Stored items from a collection
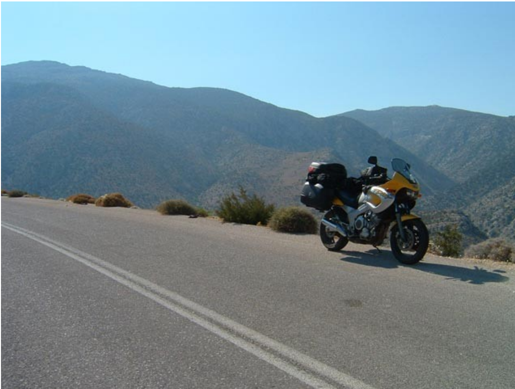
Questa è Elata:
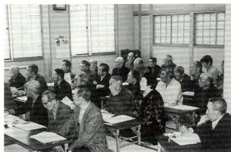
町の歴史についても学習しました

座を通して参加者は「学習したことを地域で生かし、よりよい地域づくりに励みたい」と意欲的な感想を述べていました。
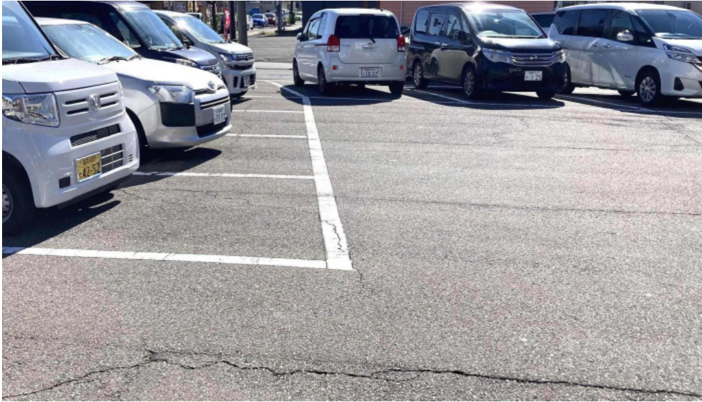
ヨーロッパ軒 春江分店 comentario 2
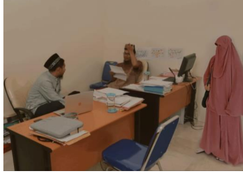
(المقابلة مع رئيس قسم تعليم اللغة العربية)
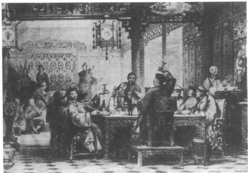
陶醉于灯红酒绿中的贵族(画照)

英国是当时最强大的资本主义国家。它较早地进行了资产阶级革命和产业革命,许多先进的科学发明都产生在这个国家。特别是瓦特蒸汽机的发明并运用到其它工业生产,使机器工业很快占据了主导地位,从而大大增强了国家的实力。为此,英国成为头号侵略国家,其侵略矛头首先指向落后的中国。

Work to complete:
Every line from the one containing "陶醉于灯红酒绿中的贵族(画照)" through the last line of the entries must be written out verbatim, and no other line.

Exercise response:
陶醉于灯红酒绿中的贵族(画照)

英国是当时最强大的资本主义国家。它较早地进行了资产阶级革命和产业革命,许多先进的科学发明都产生在这个国家。特别是瓦特蒸汽机的发明并运用到其它工业生产,使机器工业很快占据了主导地位,从而大大增强了国家的实力。为此,英国成为头号侵略国家,其侵略矛头首先指向落后的中国。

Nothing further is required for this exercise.